Sedgwick yielded at last. Their trunks were packed in a few minutes, the bill settled, and they drove away.

Reaching the Hamlin home they were shown at once to their apartments, and were informed that so soon as they were ready dinner would be served.

They were not long in dressing, and together they descended to the parlor. Besides the family, the Jenvie family were also present. Grace met them at the door, shook hands with Sedgwick, and welcomed him with a word and a smile which set all his pulses bounding, and, taking his arm, presented him to the strangers; then shouted gaily: "Follow us! dinner is waiting."

Sedgwick was given the seat at the right of his host; Grace took the seat at his right, with Jack and Rose opposite.

The ladies were radiant in evening costume, and Sedgwick with a mighty effort threw off the depression which had burdened the day and appeared at his very best.

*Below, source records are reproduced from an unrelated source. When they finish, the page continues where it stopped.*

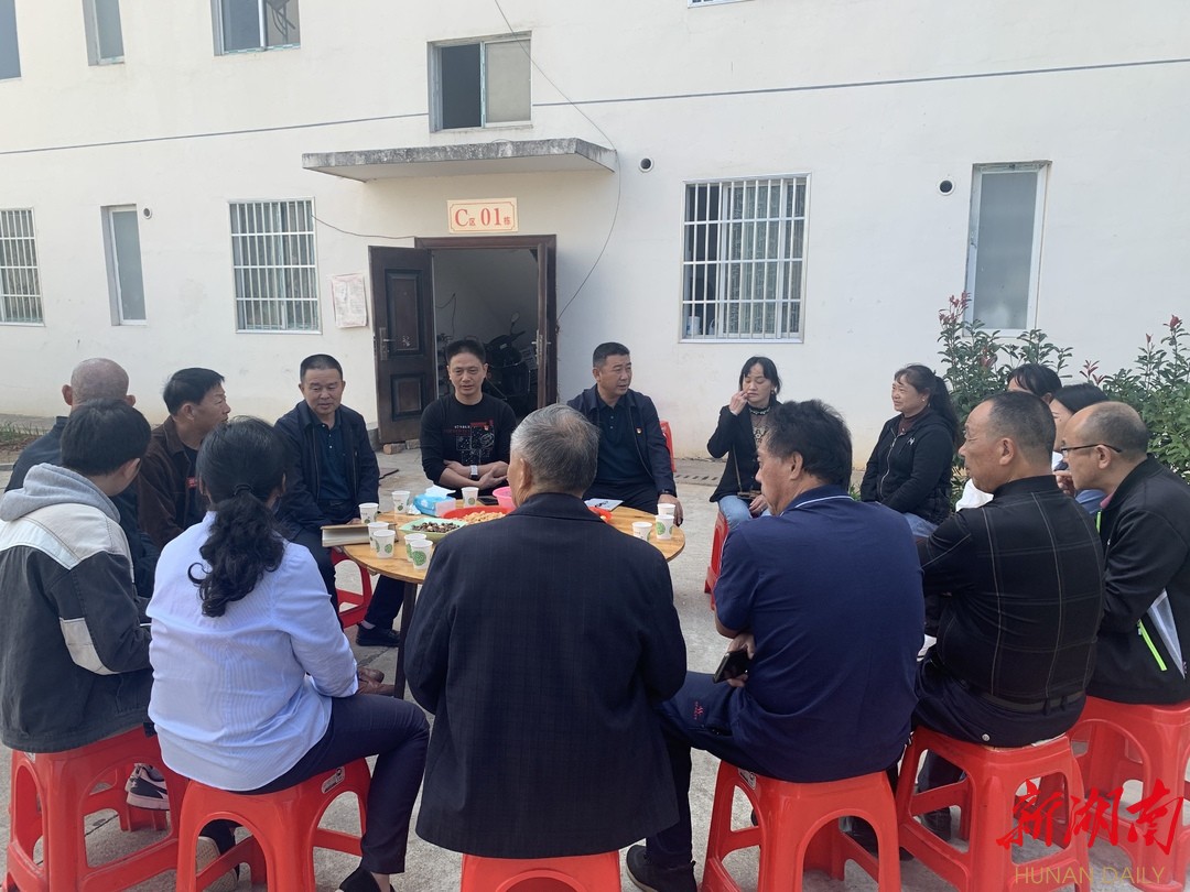 丽日蓝天,金风送爽。10月18日上午,安化县龙塘镇茶乡花海社区C区01栋屋场,社区10多名党员干部和群众聚集在一起,学习党的二十大报告,探讨如何建设和谐社区、促进乡村振兴。安化县委组织部副部长李远胜、龙塘镇党委书记夏玉中也赶来参加。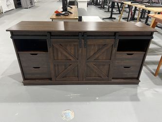M-(Minor damage)New Farmhouse TV Stand for Televisions up to 65 Inch, Wood Entertainment Center with Sliding Barn Doors and 4 Storage Drawers, 58’’ Me$100Morrow, GA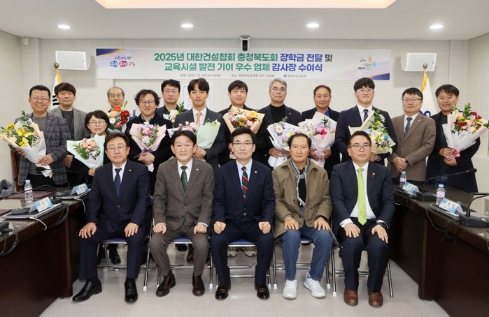 이어, 대한건설협회 충청북도회(회장 유정선)는 충북교육청에 1,000만 원의 장학금을 전달했다.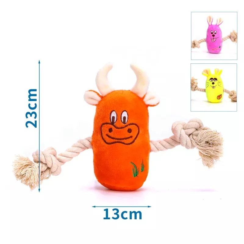 Strona główna » Zabawki dla zwierząt » Pluszowa zabawka kreskówkowa uśmiechnięta buzia królik/sznur/krowa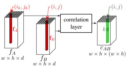 其中IA与IB是输入图像,CNN是预训练的特征提取网络模型,匹配网络与回归网络。其中匹配网络主要是计算相似程度,其网络计算方式如下: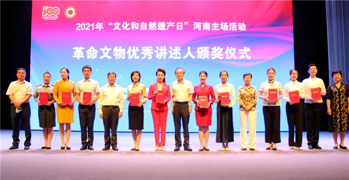 活动现场,中共河南省委宣传部、省文物局聚焦建党百年,集中表彰推介了69项河南省“庆祝中国共产党成立100周年精品展览”和 35名河南省革命文物优秀讲述人;以“讲好红色故事 赓续精神血脉”为主题,组织启动河南“红色文物说”讲述宣传活动,依托革命文物资源,组织全省优秀讲解员和志愿者,面向社会集中讲述中国革命的伟大历程和感人事迹,展现中原儿女的梦想与追求、情怀与担当。当天首场讲述活动,4名讲解员从一件件文物、一个个故事入手,集中讲述大别山精神、焦裕禄精神、红旗渠精神、长征精神,吸引众多观众。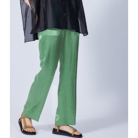 腿回りがすっきりとしたストレートシルエットのサテンパンツ。後ろがゴム仕様ですので、イージーに着用できます。どんなアイテムとも合わせやすいシルエットですので、汎用性の高いアイテムです。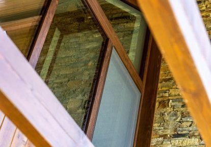 - From the garden side, interesting triangular windows have been designed, which give character to the building. They combine fixed glazing with tilt and turn windows.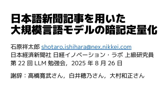 日本語新聞記事を用いた大規模言語モデルの暗記定量化 / LLMC2025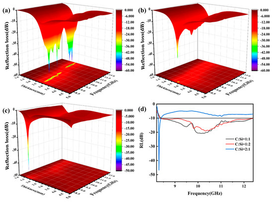 Figure 13 shows the change in the reflection loss of SiCnws@SiC composites with frequency under different thicknesses. The minimum RL (RLmin) of the sample with a C:Si ratio of 1:1 is −56.95 dB when the thickness is 2.30 mm, and the EAB covers 1.85 GHz. The RLmin of the sample with a C:Si ratio of 1:2 is −38.61 dB when the thickness is 2.83 mm, and the EAB covers 2.52 GHz. The RLmin of the sample with a C:Si ratio of 2:1 is −46.84 dB when the thickness is 1.77 mm, and the EAB is only 0.11 GHz. The optimal EAB of SiCnws@SiC composites in the test frequency band is as follows: The optimal EAB of the sample with a C:Si ratio of 1:1 is 4.01 GHz when the thickness is 2.59 mm. The optimal EAB of the sample with a C:Si ratio of 1:2 when the thickness is 2.50 mm is 4.03 GHz. The optimal EAB of the sample with a C:Si ratio of 2:1 when the thickness is 1.77 mm is 0.11 GHz. In summary, compared with the other two samples, the sample with a C:Si ratio of 1:1 has better electromagnetic wave absorption performance. The sample with a C:Si ratio of 1:1 not only has the maximum RLmin value but also has a wider EAB when the sample’s thickness has no big difference.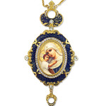 M-20B-71 Enameled Icon Pendant Madonna and Child With Crown and Chain for Hanging - Gift Boxed 5 3/4 inch

Mrs. Hamlin, judging shrewdly that perhaps it would relieve the stranger from embarrassment to engage him in conversation, with beautiful tact brought him to tell the company of his own country, remarking that "We insular people have but a vague idea at best of America."

With a smile, Sedgwick replied: "I do not know very much myself of my native country, for since I left school (here he glanced at Jack and his eyes twinkled) I merely wandered slowly through the southwestern States, almost to the Gulf in Texas, then bending north and west again, continued until I reached the eastern slope of the Sierras, and then made a dive underground and remained there until Jack determined to go home, and I came along to take care of him."

Here Miss Jenvie interposed and said: "What was the most precious thing you ever found in the mines, Mr. Sedgwick?"